New book offers advice for peddling passes
Steamboat Springs — Managers of local bicycle shops say they are selling more road bikes than at anytime in the preceding 10 years.
Several credit the resurgence to Lance Armstrong’s stirring assault on Alpe de Huez in the Tour de France. Translation: many of those shiny new bikes with the startlingly skinny tires will be headed for the summits of Colorado’s mountain passes this summer.
Kurt Magsamen’s timing is perfect. With the images of Armstrong leaving his competition in the dust still fresh in our minds, Magsamen has authored a new book devoted to helping citizen riders launch their own climb to the heights.
“Cycling Colorado’s Mountain Passes” offers detailed information about cycling 34 of Colorado’s most noteworthy mountain passes. They are organized by geographical regions of the state.
Routt County’s Rabbit Ears and Gore passes are right up front.
“I’ve been riding in Colorado for 20 years and always, the high passes have had a special attraction not unlike the summits of big peaks,” Magsamen writes in his introduction. “Whenever I wanted to ride a pass, the first source of information was whatever tattered road atlas was at hand. These contain precious little information for a cyclist. How steep is the grade? How sustained? A summit elevation is fine, if it’s on the map at all. But what about a starting elevation?”

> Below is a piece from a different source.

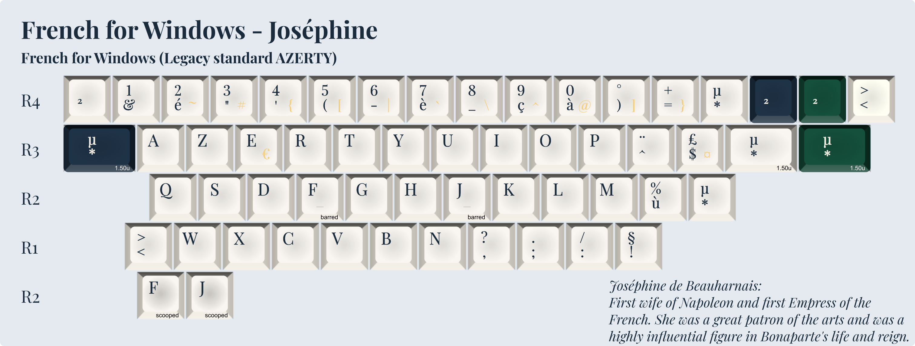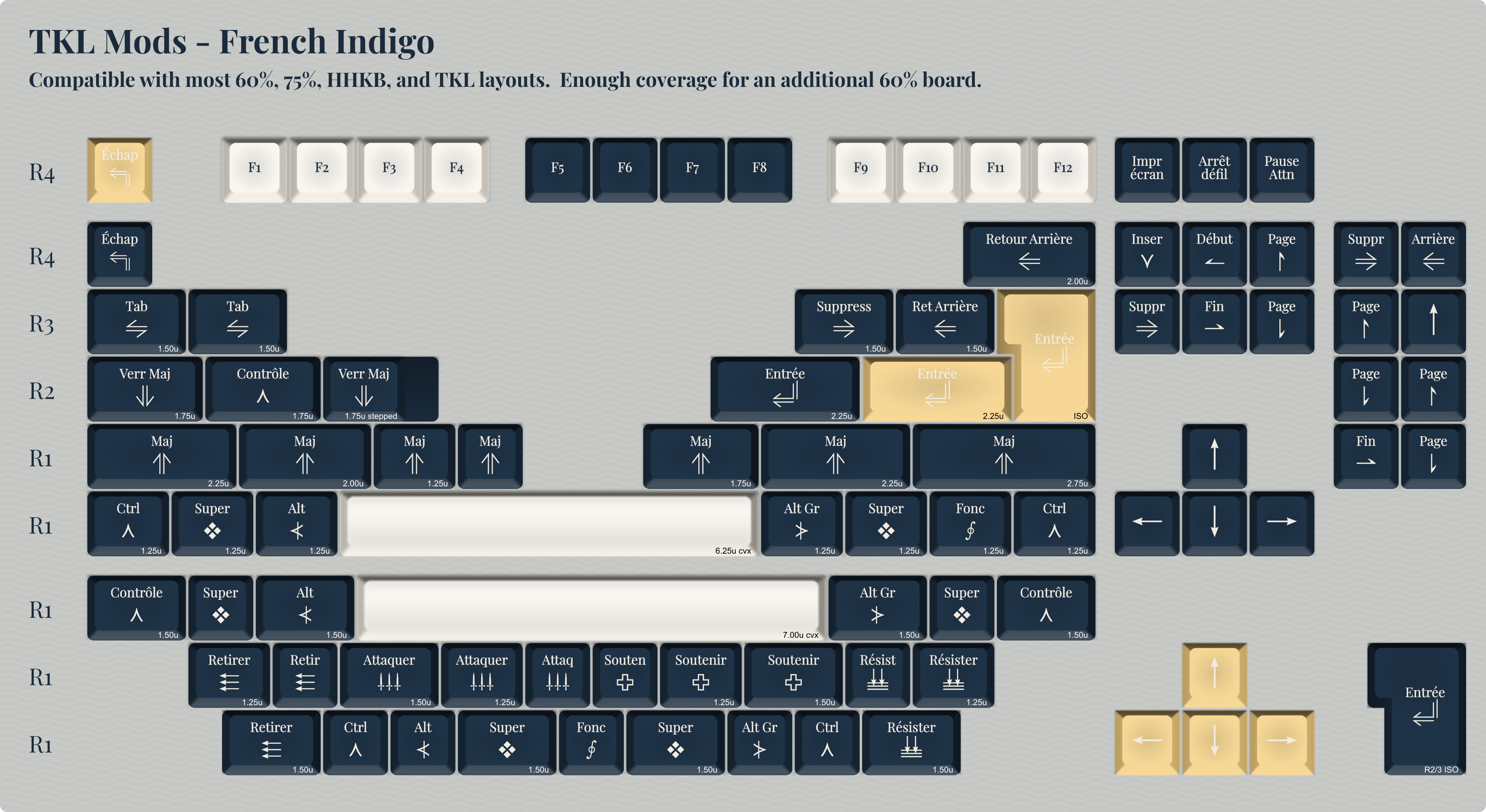 French Indigo mods are marked with text-and-icon legends. Where possible, these legends use actual terminology from modern French keyboards: the abbreviation Maj to represent Shift, Entrée for Enter, et cetera.
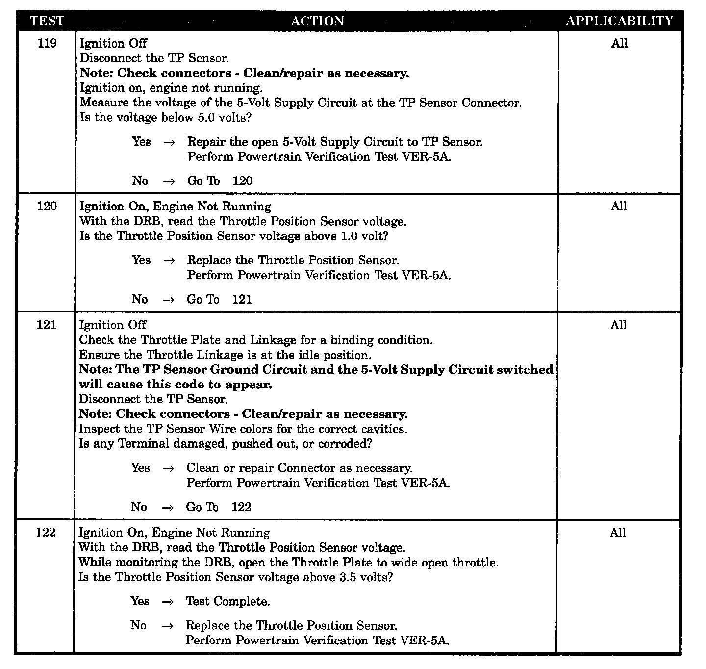 PCM performs 2 separate tests on TPS. High volt test when engine speed very low and manifold vac very high; indicates throttle plate nearly closed. Low volt test when eng speed > 25 mph and manifold vacuum low; indicates throttle plate open, TPS signal high.

Magsamen provides all that information plus the best points for starting and stopping the ride. He also addresses traffic and safety conditions.
But the best part of each chapter is a “mileage log” which describes the climb by linking conditions to precise mileage points. This information combined with clear maps and charts showing the elevation profile of the climb and descent, make it possible for cyclists to anticipate riding passes they’ve never seen before.
For example, Magsamen writes of Red Mountain Pass (the Million Dollar Highway), beginning from Silverton: 1.1 The Columbine, a ghost restaurant; 6.9 Old buildings. The road is poor and gets narrower; 7.6 Prominent 20 mph curve; 9.0 road is extremely narrow; 9.7 Start climbing.
Magsamen routinely begins most of his narratives from either the north or east side of the pass, depending on its orientation. That makes his narrative on Rabbit Ears a little odd for Steamboat readers, because he starts his ride from Muddy Pass on the east side. That’s something almost no one in Steamboat does, even though it’s by far the easiest approach.
Of the long downhill from the West summit of Rabbit Ears into the Yampa Valley, Magsamen writes: “The western side is a rocket ride down and conversely, an unrelenting grind up.”
“Cycling Colorado’s Mountain Passes” would be useful to any hill climber looking to push his or her limits.